In general, placing a nail into a wood workpiece at a precise angle and position does not result in an exact position, as would be desired. Since wood products have a grain, the path the nail travels can be altered, and when that happens, the exit point of the tip of the nail often is changed from its original “planned” position. This indeterminate nail path is not repetitive, and it is a definite problem for manufacturing or construction applications in which the tip of the nail is to be curled, so that the two substrate layers of the workpiece become clenched together.
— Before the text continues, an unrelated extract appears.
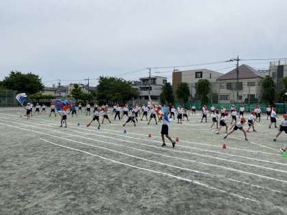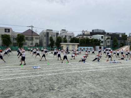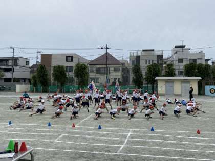 5年生の運動会練習の様子です。勇ましく大漁旗を振り、全員で大きな声を出しながら本番に向けて元気よく練習をしています!

The manufacturers of wood pallets sometimes use a separate, stationary (non-portable) fixture that positions a type of target, or anvil, beneath the bottom wood frame during the initial assembly steps for making a pallet assembly, and then use a nail gun to shoot nails through the multiple-layer workpiece. The tip of the nail, after passing through the multiple layers of the workpiece, will then curl beneath the bottom surface of the workpiece to clench the multiple layers together. Such a process is expensive and slow, since it is unwieldy to provide such large target fixtures and to work with them for the large number of nail-driving positions that must be made in the workpieces.
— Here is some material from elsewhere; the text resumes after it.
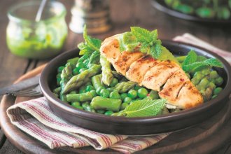 U blender staviti iseckanu nanu, preliti vodom, dodati sirće, šećer, malo soli i bibera, pa izmiksati. Ostaviti da odstoji 20 minuta. Piletinu iseći na šnicle, posoliti, pobiberiti i začiniti origanom i bosiljkom, pa peći na roštilju ili u gril tiganju dok ne dobije lepu boju sa svih strana. Grašak obariti u ključaloj vodi, a šparge iseći na komade i kratko propržiti na maslacu. U činiju staviti oceđen grašak, špargle, sveže ceđeni sok limuna, so i biber, pa sve dobro promešati. Odozgo staviti grilovano meso, preliti sosom i odmah poslužiti.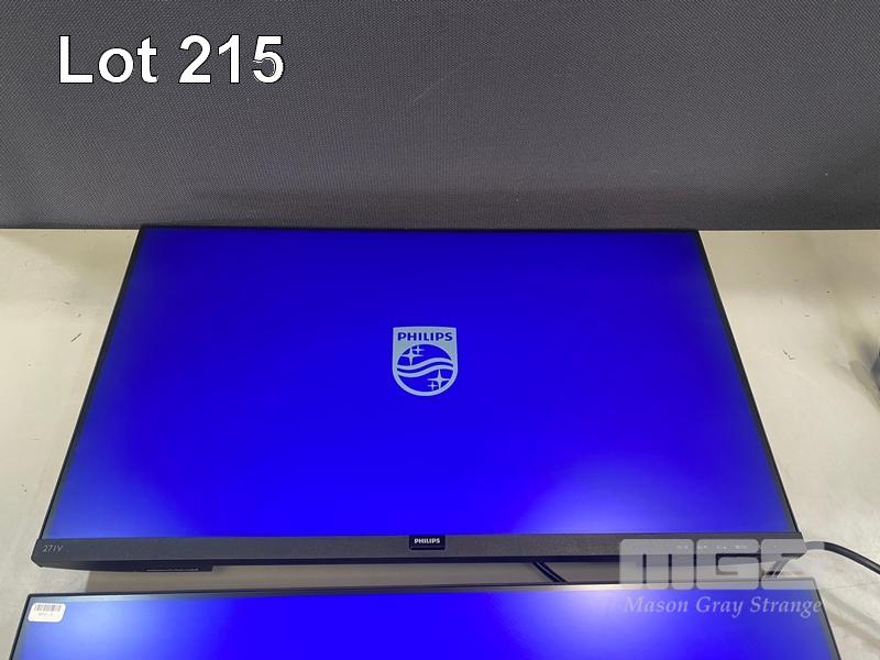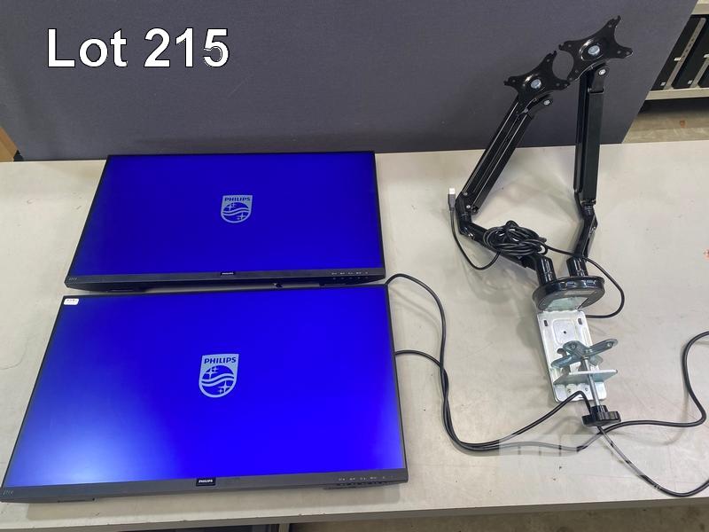 2 x MONITORS, PHILIPS 271V8/75 27" IPS WIDESCREEN, HDMI, VGA (WITH CABLES) WITH DUAL DESK MOUNT STAND S/N:UK02120007534, UK02120007526

One improvement in such nailing systems would be to attach a movable anvil to a portable nail driving tool, so that the anvil is always positioned that the correct location beneath the nail driving region, as determined by the human user of the portable nail driving tool. This allows the human user to “fire” as many, or as few, nails as he or she desires at a particular position on the workpiece (e.g., a pallet), and the user will easily be able to see the exact position where the nail is to be driven. By having a portable clenching anvil attached to the tool, the user is able to concentrate on a particular location for placing multiple nails while being assured that the anvil is securely gripping against the bottom of the pallet at that precise location where the nails are being driven.